PVD is the abbreviation of Physical Vapor Deposition. PVD is a process that covers a large group of coatings. It includes titanium nitride (TiN), chromium nitride (CrN) and aluminum titanium nitride (AlTiN). Which specific coating Fabarm is using, I do not know. I would speculate that it is likely nickel boron, which is becoming popular in shotguns and adds lubricity, wear resistance, reduces carbon fouling and offers easier cleaning.

I have been asked to compare the recoil of the Fabarm XLR5 Waterfowler to other shotguns. This is not easy, as there are several gas-action autoloaders that are similar in both felt recoil and weight. As a group, the XLR5 Waterfowler, Browning Maxus and Remington V3 are all significantly softer shooting than inertia guns. Between gas guns, some might find the Remington V3 to be the softest-shooting. This is my impression, but there isn't really much of a difference between the three.

I will compare the Fabarm Waterfowler to the Browning Maxus, not because the Maxus is a poor shotgun, but because it is a good one and quite popular, as well. You can expect a better trigger with the Fabarm, better choke tubes and a proper hard case, along with the extended bolt handle and a better warranty with a higher standard of customer service.

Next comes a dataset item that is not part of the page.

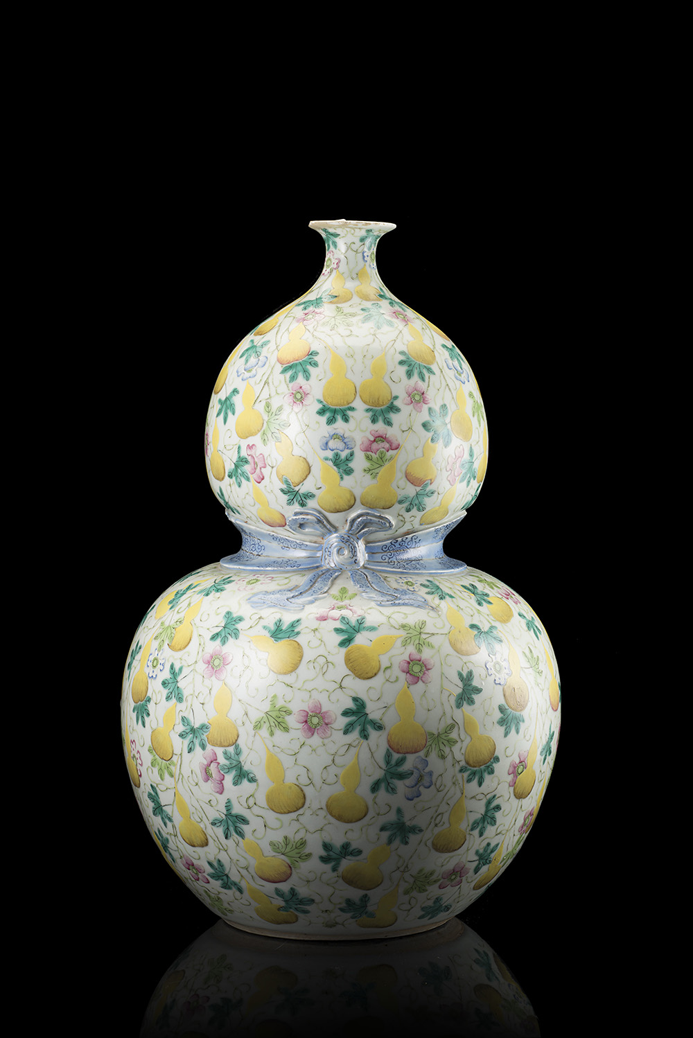 Vaso a doppia zucca in smalti Famiglia Rosa decorato con il motivo delle doppie zucche, marchio apocrifo Qianlong alla base (restauri)
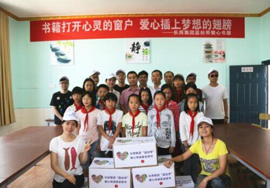2016年初,晨報(bào)周刊攜手長房梅溪香山、長房集團(tuán)藍(lán)絲帶愛心傳遞基金共同發(fā)起“萬人眾籌圖書館”愛心公益活動(dòng),為湖南貧困山區(qū)學(xué)校捐建圖書室。以點(diǎn)亮希望之光、傳遞溫暖力量為主題的“長沙之光”微信文稿每被轉(zhuǎn)發(fā)一次,即為籌建山區(qū)學(xué)校愛心圖書室捐贈(zèng)5元?;顒?dòng)開展以來,贏得了許多社會(huì)愛心人士的熱烈反響和廣泛共鳴,共有1萬余人次參與活動(dòng),最終,通過長房集團(tuán)藍(lán)絲帶愛心傳遞基金捐款10萬元,用于長沙縣福臨鎮(zhèn)古華山村梅林小學(xué)和寧鄉(xiāng)縣灰湯鎮(zhèn)洞庭橋完全小學(xué)兩所貧困學(xué)校愛心書屋的建設(shè),長沙市基少年發(fā)展基金會(huì)理事長羊舒麟代表兩所學(xué)校接收捐贈(zèng)。

Mechanically, there are no springs in the gas piston to snap, nor can there be any issues with the mainspring tube or mainspring in the buttstock, as the XLR5 does not use them. The Fabarm Waterfowler also comes in left-hand versions, notable because most gas autoloaders do not.

The most appealing and unique feature of the XLR5 Waterfowler is the Long Rib. Not only does it make target acquisition faster and easier, but the 10.4 mm rib height encourages a natural, comfortable, heads up shooting style that offers better visibility beneath your target, which may well be duck number two or duck number three. If you use the XLR5 Velocity Long Rib target gun for clays, using the Waterfowler for hunting is an easy choice.

Barrel length is a personal preference affair. If it was up to me, a 26 inch Fabarm Waterfowler would be ideal. I would imagine that Fabarm will expand their hunting line as time goes on, as the initial shipment of the XLR5 Waterfowlers to the U.S. sold out very quickly. This is a good sign that the Waterfowler is here to stay, despite its excessive price for a plastic shotgun.

I will do some patterning comparisons with the Waterfowler in the near future, starting with Kent Silver Steel 1-1/4 ounce, #2 loads and the new Kent Bismuth 1-1/4 ounce, 1350 fps, #4 loads. These two loads are extremely good duck medicine!